The other file a user needs to supply is a CMakeLists.txt. This file serves as a point of entry. This file should consist of a standard boilerplate code, calls to the build_target() and finally a call to finalize(). Standard CMake commands should not be used to define targets. The only purpose of this file is to specify what targets with what parameters must be build by calling a Beetroot function build_target() or get_target() and letting it do the work.

The role of the CMakeLists.txt is hugely downplayed

There is no need to use add_subdirectory(), because Beetroot knows where to look for every managed target.

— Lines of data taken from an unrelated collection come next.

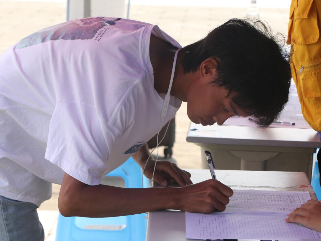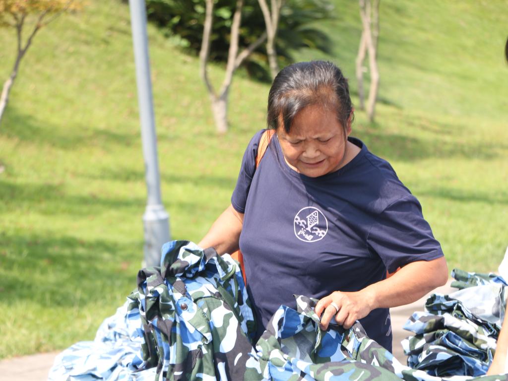 30日上午,刚刚结束军训的新生们在了解到我们的活动后,三五成群地将迷彩服拿到了我们活动点进行捐赠。储存衣物的帐篷渐渐被蓝衣填满,烈日炎炎下志愿者们细心地整理着这些衣物。面对前来领取衣物的叔叔阿姨,志愿者们也充满耐心,直到为他们找出合适的尺码。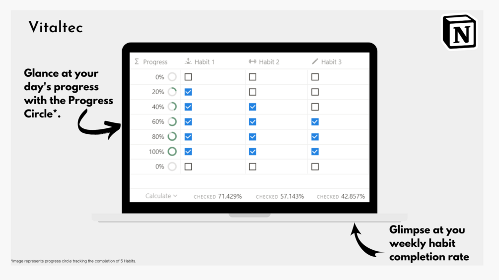 Glance at your day's progress with the progress circle and analyze your weekly habit completion rate.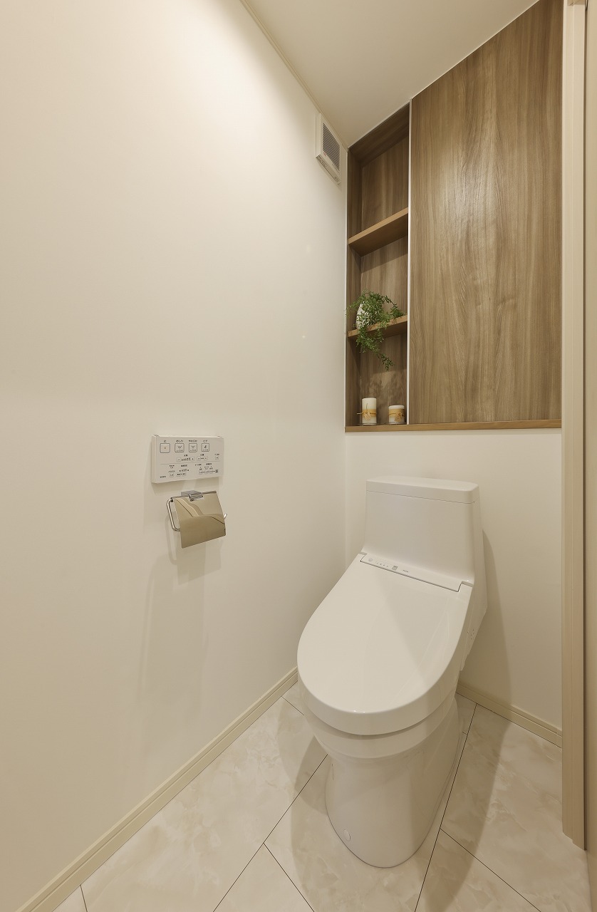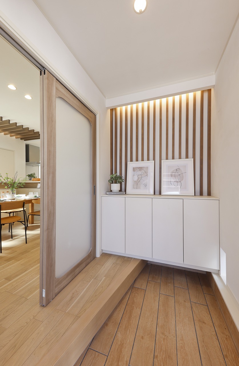 その他玄関やトイレにも同色の木目・ルーバーを使用し家全体の統一をはかった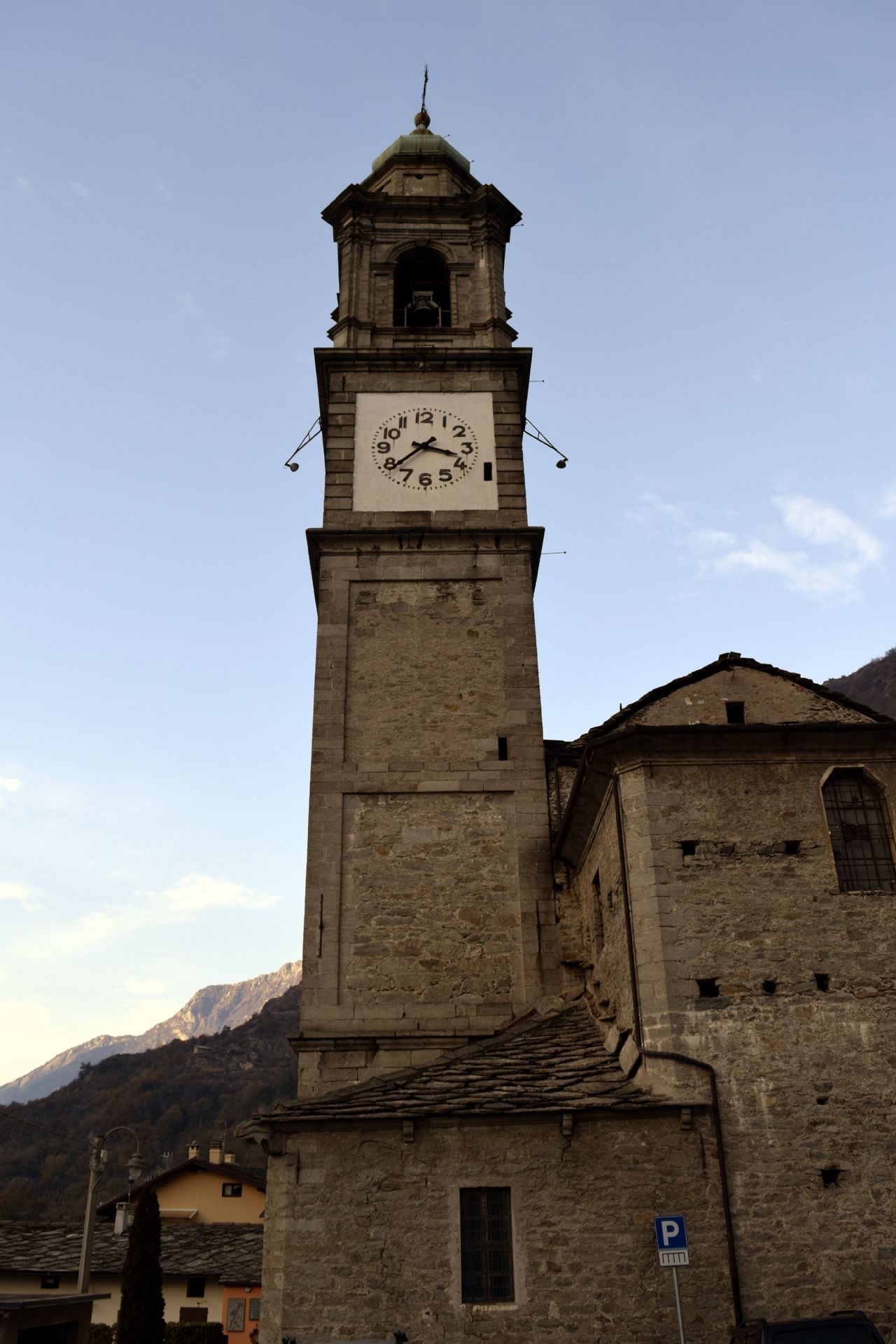 Interamente in pietra, la torre campanaria è alta 60 m e all’interno si contano 108 scalini.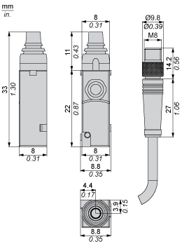 Дискретный выход: НЗ, PNP • Тип установки: заподлицо • Электрическое подключение: разъём M8x1 3-пин, кабель • Длина кабеля: 0.15м • Класс защиты: IP67 • Рабочее напряжение: 12 ÷ 24 V DC • Материал корпуса: пластик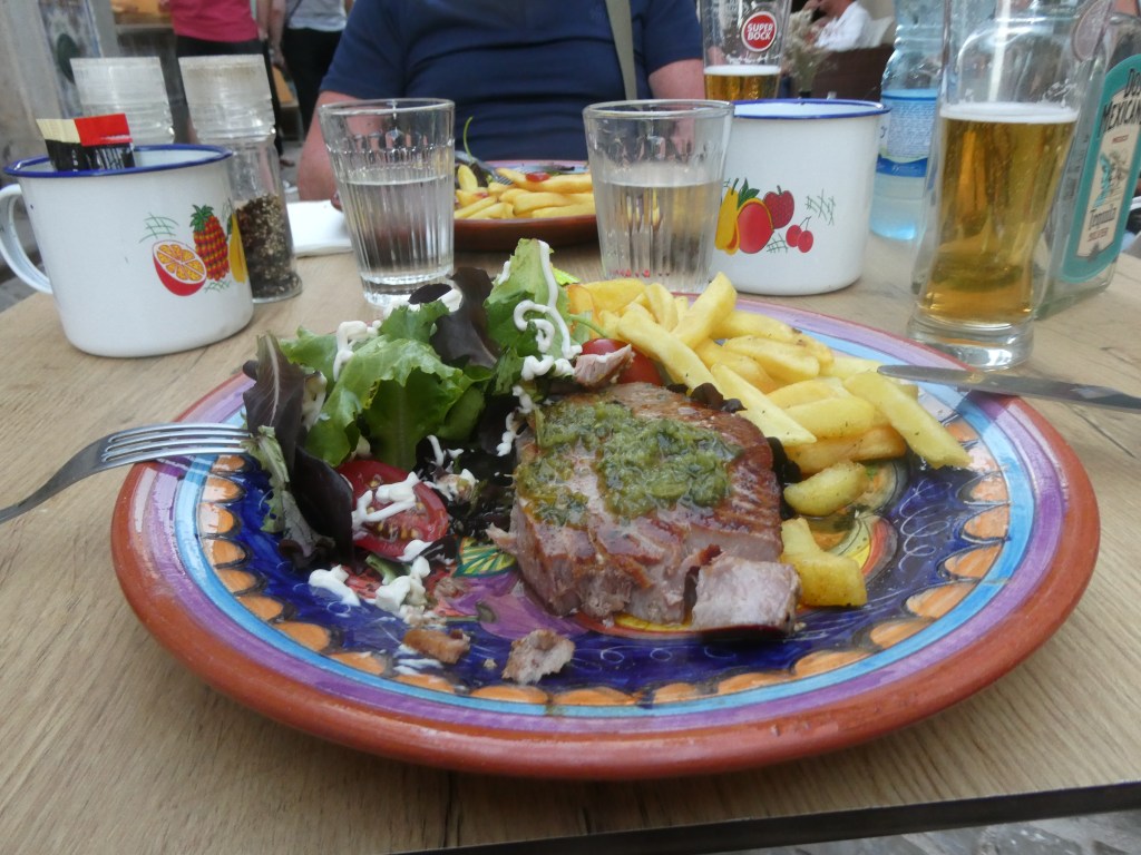 The next morning, we set off [in our shorts and T-shirts] in search of brunch, having first bought a phone charger due to not packing one, from a store at the end of our street. There’s a breakfast cafe just around the corner which looks promising, although the menu is beyond my rusty Spanish skills [which were never great to start with] and the staff seem unwilling to engage in a ‘Spanglais’ garbled conversation. Plates of toasted baguettes with delicious toppings keep emerging, which we decide would be perfect for us- but what are they?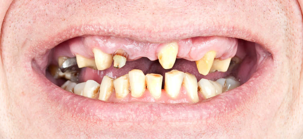 歯がボロボロになる原因で最も多いのが、進行した虫歯と歯周病です。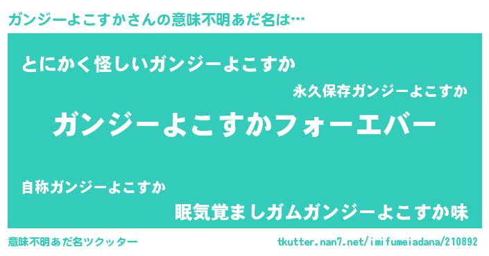 | ポケモン風あだ名 | 『ガンジダネ』『ヒガンジーヨコスカ』 |

That’s why the only CMakeLists.txt that is needed is the one you manually call with cmake ... (Besides CMakeLists.txt inside CMake external dependencies of your project)

The location of the CMakeLists.txt is no longer relevant

As long as the CMakeLists.txt is somewhere inside the root project and it adheres to the Beetroots’ mandatory boilerplate code, its location is irrelevant. All components are searched for by name, not by folder, and the system requires them to be written in a way that all paths are absolute (it is achieved by simply prefixing filenames with the ${CMAKE_CURRENT_SOURCE_DIR}).

As long Beetroot is responsible for all targets in your code, you can simply copy a CMakeLists.txt from one subfolder of your project to another and they will build just fine there, resulting in exactly the same executable.